SiriusPoint’s Q2’25 underwriting income improves on lower cats & higher favourable PYD
- May 30, 2025
- Posted by: Luke Gallin
- Category: Insurance
Bermuda-based carrier SiriusPoint has reported a rise in core underwriting income to $67.6 million for the second quarter of 2025, compared with $36.9 million a year earlier, as catastrophe losses decreased and favorable prior year loss reserve development increased.
The re/insurer has reported a solid set of results for the second quarter, posting income of $76.3 million, up on Q2’24’s $46 million, as the combined ratio strengthened to 86.1% from 89%, and net services income hit $8.7 million, down slightly on last year’s $9.1 million.

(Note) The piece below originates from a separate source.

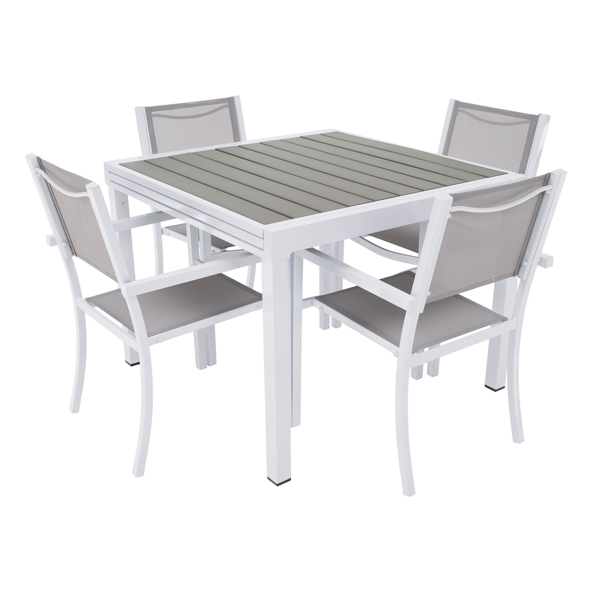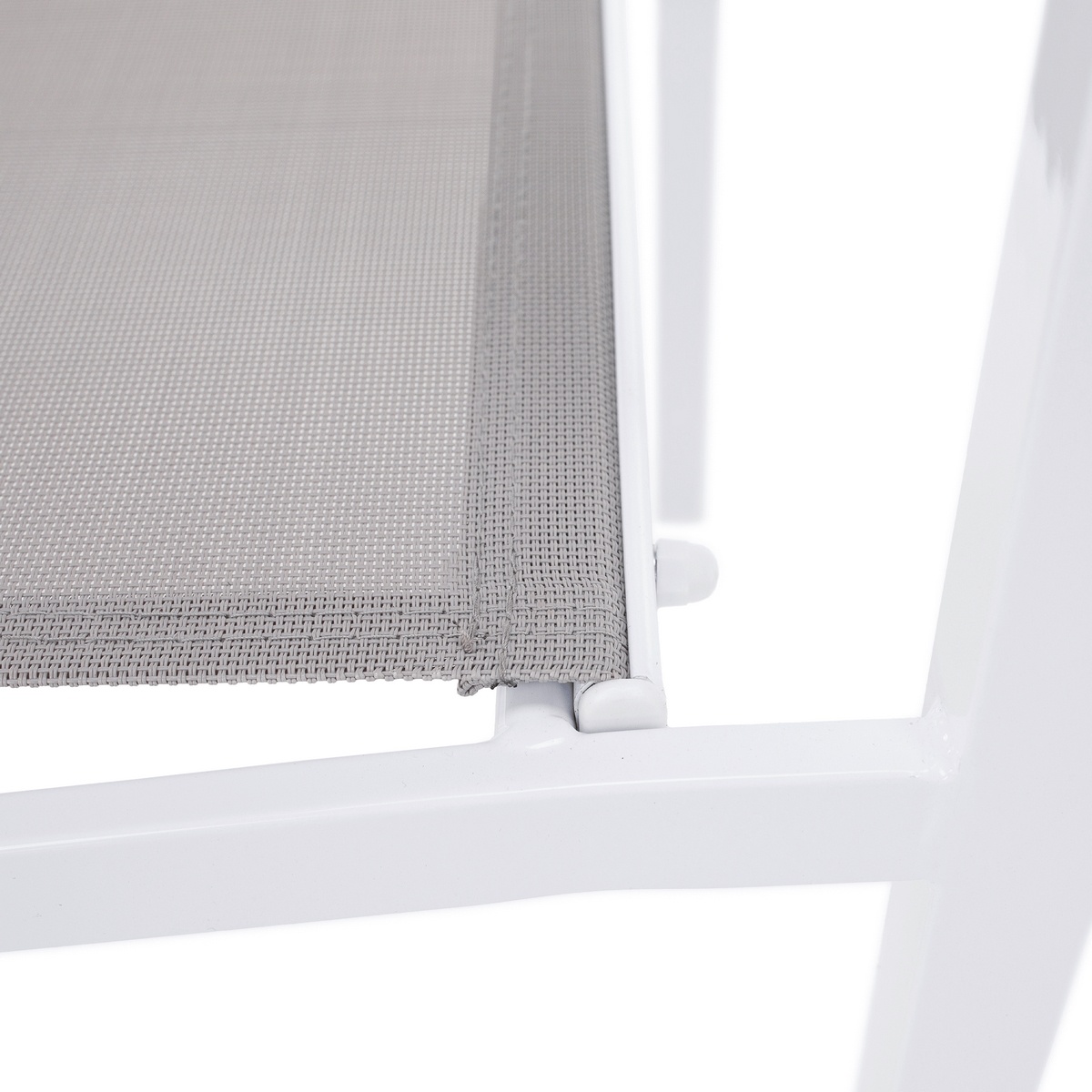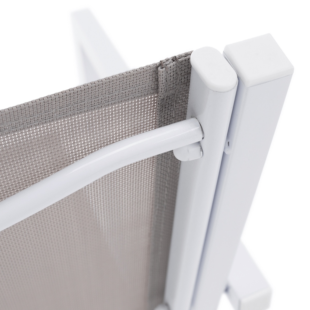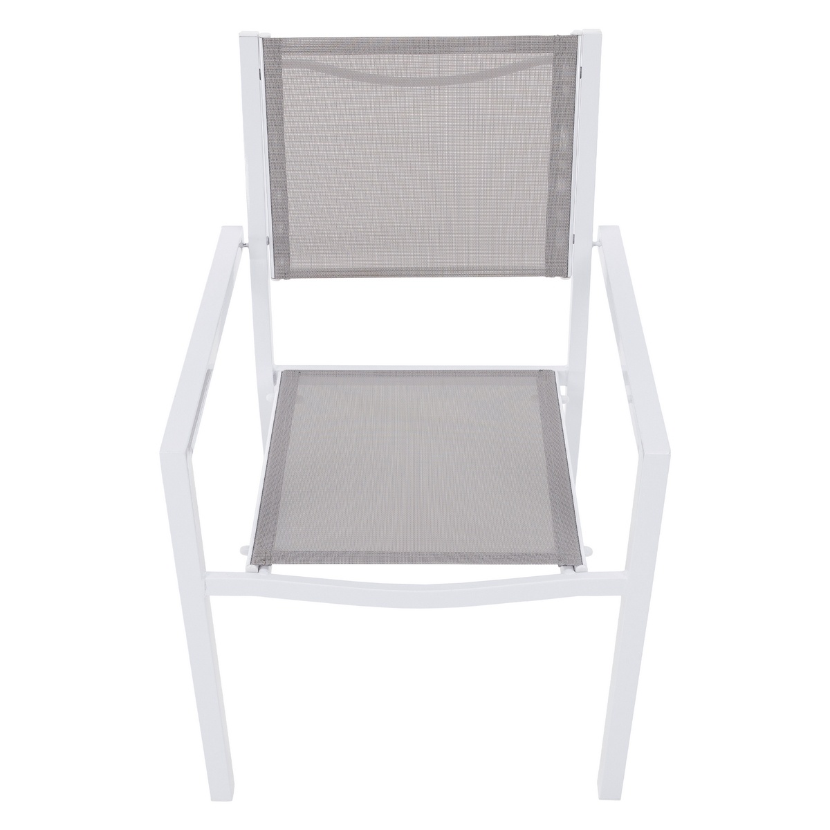 Elegantní zahradní židle DORIO spojuje čistý design s maximální funkčností. Konstrukce z pevné oceli v bílé barvě vyniká vysokou odolností a moderním vzhledem, zatímco sedák a opěradlo z umělé textilie ve světle šedém odstínu zajišťují pohodlí i při delším posezení.Židle je vybavena područkami pro lepší oporu při vstávání i relaxaci. Díky možnosti stohování je navíc praktická na skladování mimo sezónu nebo při větších akcích.Součástí balení není stůl.Hlavní výhody produktu: moderní kombinace bílé konstrukce a světle šedé textilie pevná ocelová konstrukce s vysokou odolností komfortní sedák a opěradlo z prodyšného materiálu stohovatelnost šetří místo při uskladnění vhodná pro zahrady, terasy i balkonyParametry a specifikace: materiál: ocel / umělá textilie barva: bílá / světle šedá rozměry (š x h x v): 56 x 62 x 86 cm výška sedu: 39 cm hloubka sedu: 46,5 cm výška zádové opěrky: 47 cm nosnost: 90 kg konstrukce: stohovatelná, s područkami určení: exteriér dodáváno v monte

The impact of catastrophes was limited in the quarter, compared with losses of $5.6 million in Q2’24. Losses incurred included $13.8 million of favorable prior year loss reserve development for Q2’25, primarily driven by favorable development in Property and A&H businesses due to lower than expected reported attritional losses, compared to $4.9 million for Q2’24, driven by favorable development within A&H.
For the quarter, gross premiums written (GPW) increased by 10.4% to $930.1 million, as net premiums earned rose 17% year-on-year to $645.6 million. SiriusPoint attributes the growth to its Insurance & Services segment, including expansion of Surety within the Other Specialties business line, growth across A&H, and continued strategic organic, and new program growth in its international P&C business.
Core results include the sum of the Insurance & Services and Reinsurance segments, which both performed well in the second quarter.
Within Reinsurance, GPW increased by 5% year-on-year to $369.7 million, driven by increases in credit within the Other Specialties book of business.
The reinsurance segment produced underwriting income of $28.1 million with a combined ratio of 89.8%, compared with underwriting income of $25 million and 90.2% combined ratio in Q2’24, driven by premium growth, lower acquisition costs, and a decrease in catastrophe losses of $3.5 million.
Within Insurance & Services, GPW rose 14% year-on-year to $560.4 million, with expansion in Surety within the Other Specialties business line, growth across A&H, and continued strategic organic and new program growth in the firm’s international business, specifically London MGAs.
The segment’s underwriting income increased to $48.2 million in Q2’25 from $21 million in Q2’25, as the combined ratio improved to 89.3% from 96%, driven by a lower attritional loss ratio, as well as net favorable prior year loss reserve development of $9.7 million.
On the asset side of the balance sheet, SiriusPoint has reported net investment income and net realized and unrealized investment gains increased as a result of losses on strategic investments in Q2’24 of $40.6 million resulting from the firm’s recurring valuations of its portfolio.
For the first half of 2025, the re/insurer generated underwriting income of $96.1 million, up on the prior year’s $81.2 million, driven by premium growth combined with improved attritional and acquisition cost ratios.
Favorable prior year loss reserve development in H1’25 totalled $48.1 million, mainly driven by favorable development in Property, mainly from reserve releases relating to prior year’s catastrophe events, as well as favorable development in A&H, due to lower than expected reported losses, explains the firm.
For the first half of 2025, catastrophe losses amounted to $67.4 million, primarily from the California wildfires, compared to $5.6 million of losses in H1’24.
Top-line growth for the first half of the year was solid, with GPW rising 11% to $1.9 billion, while net earned premiums increased by 19% to $1.3 billion. The company attributes the growth to expansion in its Insurance & Services segment, including growth across A&H, expansion of Surety within the Other Specialties business line, continued strategic organic, and new program growth in its international business.
“Our second quarter results reflect the strength of our disciplined underwriting strategy. With each quarter, we demonstrate our ability to deliver consistent and stable earnings. Underlying return on equity for the quarter of 17.0%, and 15.4% for half year, both exceed our 12-15% ‘across the cycle’ target,” said Scott Egan, Chief Executive Officer.
“Our Core combined ratio for the quarter was 89.5%, an improvement of 3.8 points versus last year. Our half year Core combined ratio was flat compared to last year despite increased volatility from aviation losses and first quarter wildfires. We continued to see strong top line growth, with gross premiums written up 10% year over year.
“Beyond strong financials, the second quarter marked real and tangible progress in other areas. We were named Program Insurer of the Year in the US, achieved record scores in our employee engagement survey, and we attracted key talent to our business, including two new members of our executive leadership team.
“Our momentum continues, and this quarter is another purposeful step towards our goal of becoming a best-in-class underwriter,” he added.